Page 37 of Axel Martin

“You won’t get close. Not without starting an international incident.”

“I’m not asking permission.”

“You’re not hearing me.” His voice lowered. “If she’s with me, she’s already deeper than you can go. But if she sent you that pin, it means she wants you to follow. Because she thinks she won’t make it back.”

I didn’t speak. I couldn’t.

Bishop added, “If you’re serious about finding her, pack light. No attachments. No backup. Just you.”

I ended the call.

And stood there in the stillness of the mountain air, heart racing, knowing exactly what I had to do.

But for the first time in years… I didn’t want to do it alone. I didn’t care what Bishop said, I was calling Fraiser.

34

Lark

He didn’t say it right away.

But I knew. The moment Axel walked back into the cabin, something in him had shifted. The tension in his shoulders wasn’t the usual “SEAL-on-alert” tightness. This was different. He was already gone, and just hadn’t told me yet.

I stood by the fireplace, my hands wrapped around a mug I hadn’t touched in fifteen minutes.

“Where is she?” I asked.

He didn’t answer right away. He moved toward me, slow, deliberate, like he was trying to memorize the room. Me.

“Jordan,” he said finally. “Outside Amman. She met up with someone I used to know. Greg Bishop.”

I stared at him. “You know him.”

“We crossed paths. He’s one of the good ones… in a very gray, morally ambiguous, probably-broke-every-law kind of way.”

“And Marley’s with him?”

“She was. But the file she found? It’s dangerous. She’s in over her head. She knew it. That’s why she sent the pin.”

I nodded slowly. My throat was tight. “You’re going after her.”

He stepped closer, and I hated the way he hesitated—like he wasn’t sure if I’d let him touch me.

“I have to,” he said quietly. “I can’t ignore this. She’s your twin sister. Sure she has long black hair. And you have beautiful red hair.
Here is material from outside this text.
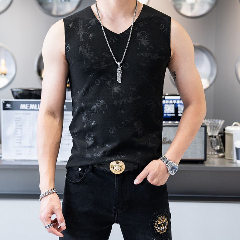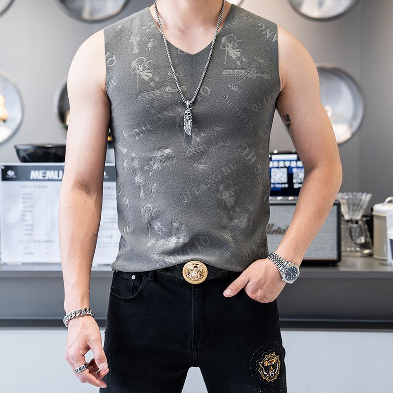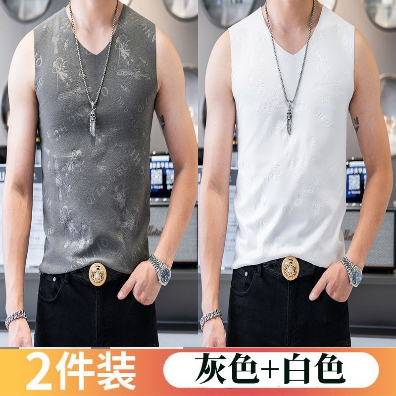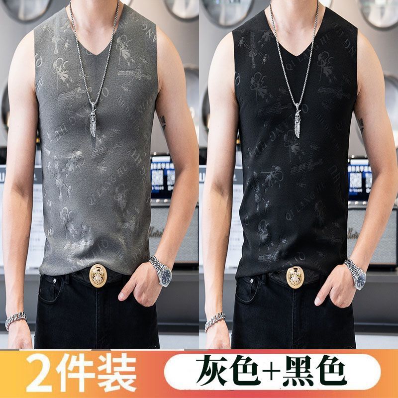 哪吒大码男士秋冬无痕背心磨毛V领保暖背心运动上衣无袖潮流1/2

But she’s your blood. I won’t leave her there. Fraiser is going with me. We’ll get her out and come straight home.”

“If it’s this dangerous, you shouldn’t go.”

His eyebrows lifted slightly, surprised.

I set the mug down on the mantel. “I don’t want you to go. But I’d never ask you to stay. Not when someone we care about is in trouble.”
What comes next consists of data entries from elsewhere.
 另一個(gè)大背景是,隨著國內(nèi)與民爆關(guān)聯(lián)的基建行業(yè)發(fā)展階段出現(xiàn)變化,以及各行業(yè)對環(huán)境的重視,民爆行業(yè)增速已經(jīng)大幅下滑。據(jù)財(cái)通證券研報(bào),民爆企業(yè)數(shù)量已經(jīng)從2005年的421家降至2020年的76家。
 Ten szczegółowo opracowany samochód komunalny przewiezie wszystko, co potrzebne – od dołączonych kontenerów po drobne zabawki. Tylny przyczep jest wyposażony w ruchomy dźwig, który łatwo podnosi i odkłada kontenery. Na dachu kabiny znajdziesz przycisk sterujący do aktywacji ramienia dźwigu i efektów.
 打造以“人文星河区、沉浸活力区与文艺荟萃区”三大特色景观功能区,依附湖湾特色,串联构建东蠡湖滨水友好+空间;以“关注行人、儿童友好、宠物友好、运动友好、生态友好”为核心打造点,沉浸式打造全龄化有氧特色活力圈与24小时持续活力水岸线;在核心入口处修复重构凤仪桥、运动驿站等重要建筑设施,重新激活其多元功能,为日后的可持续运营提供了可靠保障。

His jaw flexed. “I was prepared to walk away from everything for a while. To just… breathe. Stay here. With you.”

My heart twisted. “That’s the thing about people like us. We don’t really stay still, do we?”

He exhaled hard and reached out, wrapping his arms around me like he could memorize the shape of me in seconds. “You changed everything, Lark. And I don’t say that lightly.”

I pressed my cheek to his chest. “I meant what I said. I want you with me.”